Biggest data breach ever — Yahoo + some AT&T accounts

Big news this week regarding data breaches. Yahoo revealed that account information for at least 500 million users was stolen by state-sponsored hackers two years ago. PC World’s article “Here’s what you should know, and do, about the Yahoo breach” discusses the breach and reviews best security practices.

An email compromise is one of the worst data breaches that a person could experience online, so here’s what you should know … there’s no way to tell if your account was among those whose passwords were hashed with bcrypt or not, so the safest option at this point is to consider your email compromised and to do as much as damage control as possible. … Large data breaches are typically followed by email phishing attempts, as cybercriminals try to take advantage of the public interest in such incident.

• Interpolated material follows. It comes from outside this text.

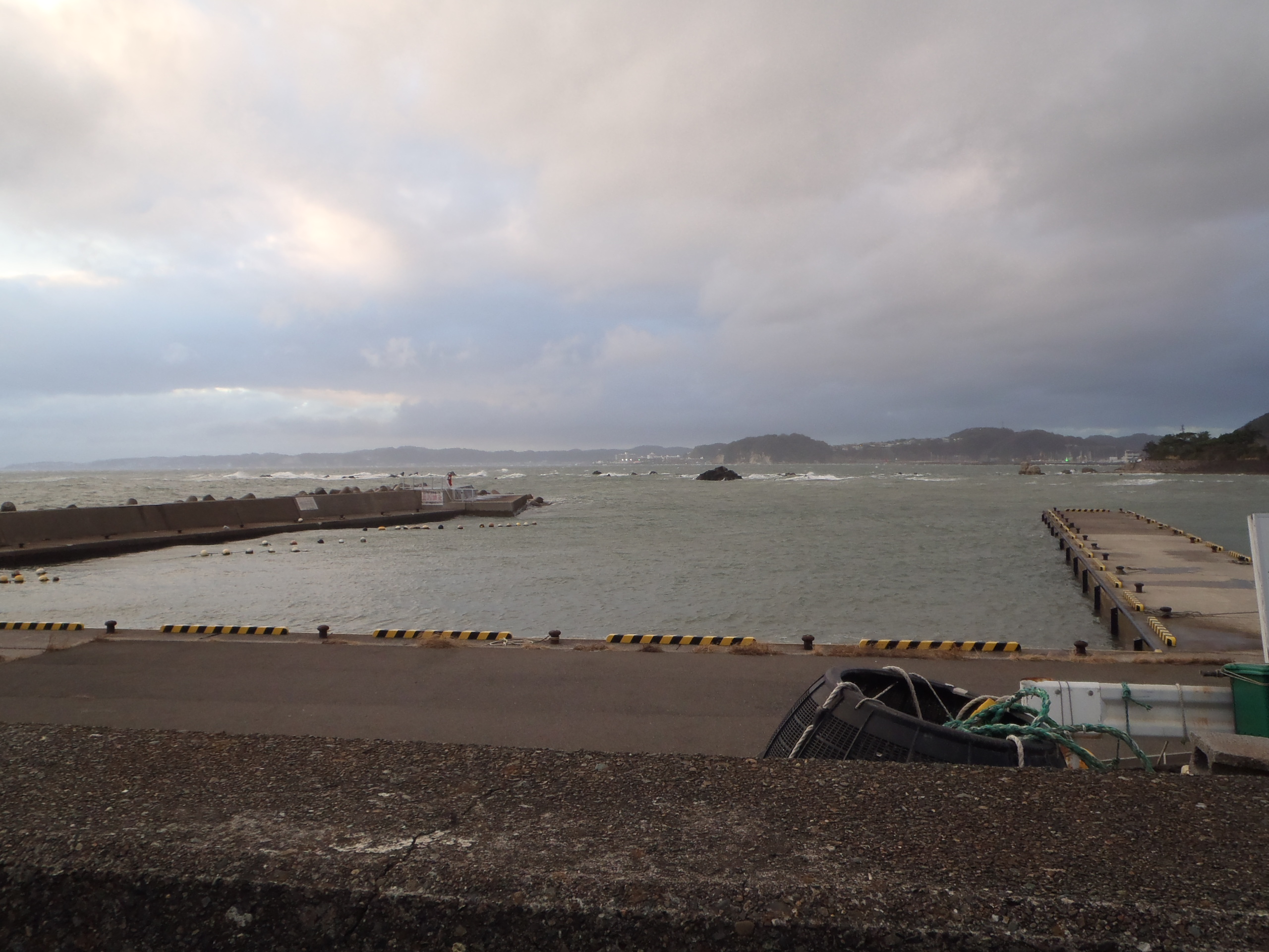 早川港の方は風がうまく遮られていて、釣りはできそう!

Here’s Yahoo’s official September 22 statement on the breach: “An Important Message About Yahoo User Security.” Their statement includes recommended actions.

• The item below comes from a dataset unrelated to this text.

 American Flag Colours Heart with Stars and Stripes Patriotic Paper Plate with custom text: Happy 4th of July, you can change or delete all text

UPDATE 9-27-2016: A CNET article today reminded me that some of my clients have AT&T high-speed Internet service (sometimes phone service as well) and their email service uses Yahoo.

Many AT&T customers use Yahoo accounts to manage their services and could be at risk. … It’s the outgrowth of a partnership formed 15 years ago between Yahoo and AT&T (then called SBC Communications), bringing AT&T broadband customers to Yahoo’s search engine and media services, including Yahoo Mail. … The hack puts AT&T in an uncomfortable position. The company is still waiting for data from Yahoo on the specific customers who may have been affected, according to a person familiar with their dealings. … For now, AT&T is offering little advice to its customers beyond the standard line: regularly change your passwords.